I am trying to develop an application that activates CUPTI’s activity api in the main thread, and then creates a child thread that CUDA code is run within. The child thread is an external application invoked through Boost’s system call. The CUPTI activity API is not picking up any GPU activity in the child process - is there a way to configure CUPTI to pick up GPU activity from the child thread?
Activating CUPTI’s activity APIs in the main thread enables profiling of the main thread as well as all of its child threads. In the scenario when main thread creates a new process (for example using fork), profiling won’t happen for the new process. Does the later apply for your use case?
To pick up GPU activity in the new process, you can either have CUPTI APIs as part of the application code or inject CUPTI based profiling library into the application process.
Correct, nvprof uses CUPTI under the hood. But CUPTI doesn’t provide the support for the child process profiling. It’s the responsibility of the CUPTI client to implement this support.
Thanks for your quick update. Base on those information, I am curious about how to using CUPTI to profiling GPU events for cuda executable? Say, when I using nvprof profiling cuda executable like below, I can get events information for both kernel. I know how to implement this with CUPTI client, but I don’t know how could I implement a tool which using CUPTI and can get GPU events for cuda executable…
nvprof -e fb_subp0_read_sectors ./concurrentKernels
[./concurrentKernels] - Starting…
==8361== NVPROF is profiling process 8361, command: ./concurrentKernels
GPU Device 0: “GeForce GTX 1050” with compute capability 6.1
Detected Compute SM 6.1 hardware with 5 multi-processors
Expected time for serial execution of 8 kernels = 0.080s
Expected time for concurrent execution of 8 kernels = 0.010s
Measured time for sample = 0.113s
Test passed
==8361== Profiling application: ./concurrentKernels
==8361== Profiling result:
==8361== Event result:
Invocations Event Name Min Max Avg Total
Device “GeForce GTX 1050 (0)”
Kernel: sum(long*, int)
1 fb_subp0_read_sectors 100 100 100 100
Kernel: clock_block(long*, long)
8 fb_subp0_read_sectors 112177 179004 153147 1225177
User can develop a profiling tool like nvprof by writing a CUPTI based shared library.

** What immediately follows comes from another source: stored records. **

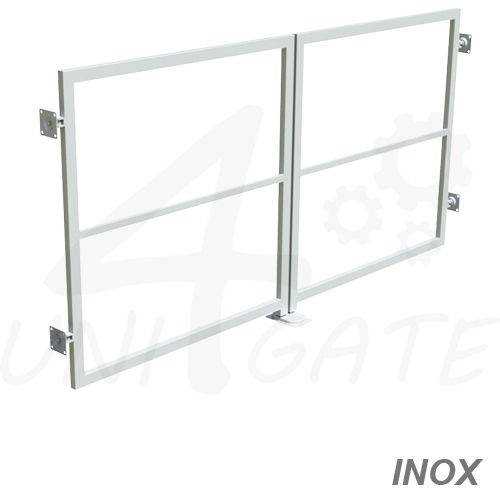Dvoukřídlá otočná brána, jeklový nerezový (INOX) profil, pro vlastní dodatečnou výplň, varianta bez nosných sloupů vč. regulovatelných pantů. Spodní doraz, bez zámku.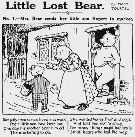 Ever since Clifford Berryman made his iconic "teddy bear" cartoon in 1902, cute bear dolls had been popular among children. This also translated into comics, with Julius Stafford Baker's 'Tiger Tim' (1904) and Kitsie Bridges and Dora McLaren's ' 'Bobby Bear' (1919) as direct predecessors of Rupert. An unconfirmed rumor claims the character was a suggestion from the grandmother of Peter Bessel, a member of the British Parliament, who came up for the Labour Party. Bessel's grandma had sent her idea to the newspaper and, according to legend, received £50 for the rights. What is certain is that right from the start, Herbert Tourtel wrote the texts, while Mary Tourtel provided the artwork. On 8 November 1920, the first episode of The Daily Express' new comic strip appeared in print. The original title was 'Little Lost Bear'. Only later did Rupert receive a name. Like most European comics at the time, it followed a text comics format, with text written underneath the images.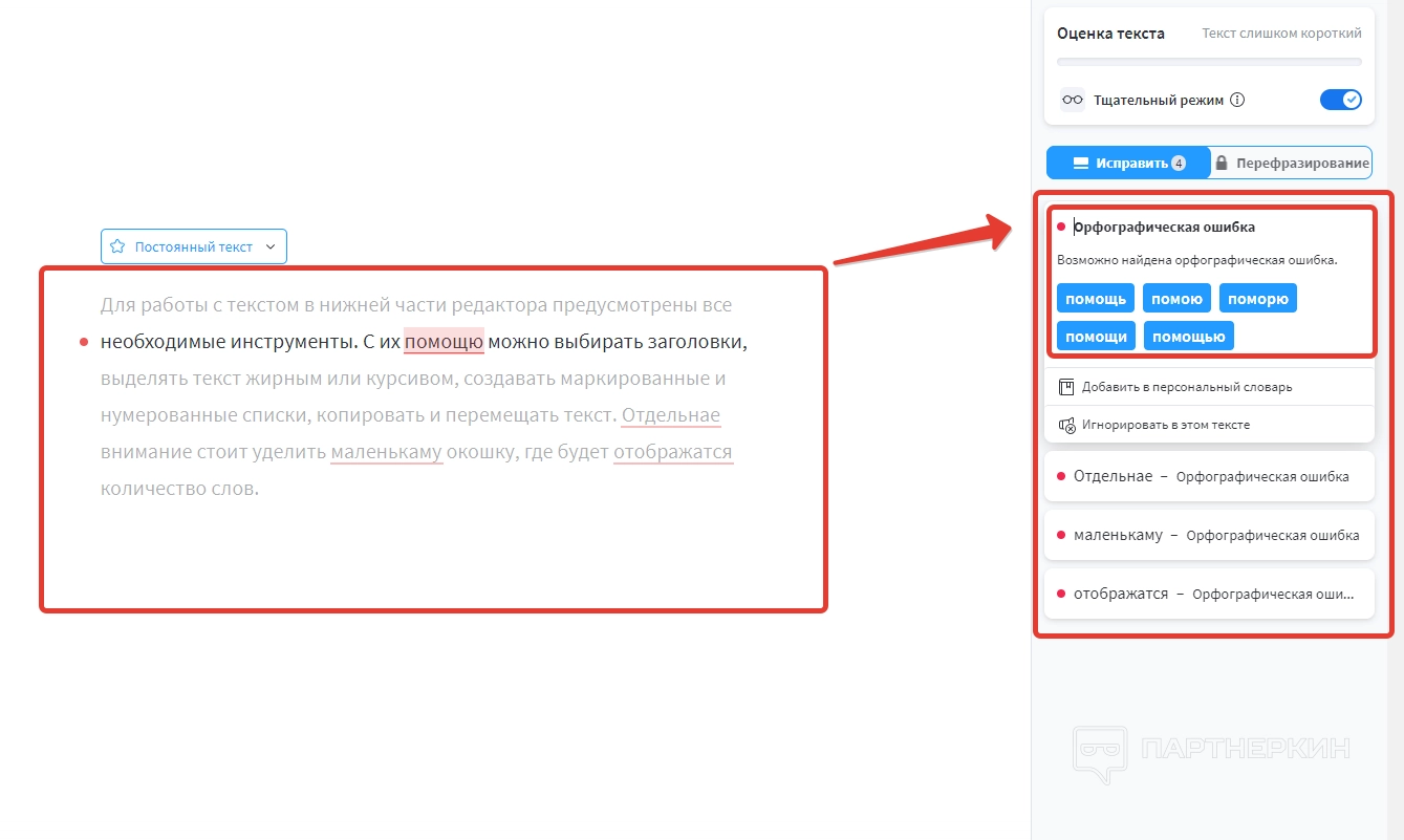 Когда написанный текст будет вставлен на проверку, система его просканирует и отобразит найденные ошибки в блок настроек. Все ошибки будут отображаться списком в соответствующей колонке. Если нажать на одну из ошибок, система развернет окно с правильными и похожими вариантами. С помощью специальных кнопок слово можно добавить в словарь или игнорировать ошибку.

This library needs to enable the appropriate CUPTI activities using the API cuptiActivityEnable() for tracing information, or call events/metrics API for profiling the GPU performance characteristics. For more control over the profiling session, user can use the CUPTI Callback API to register a callback into his code. Your callback will be invoked when the application being profiled calls a CUDA runtime or driver function, or when certain events occur in the CUDA driver. Refer CUPTI samples callback_event and callback_metric for the usage of CUPTI events and metrics APIs respectively.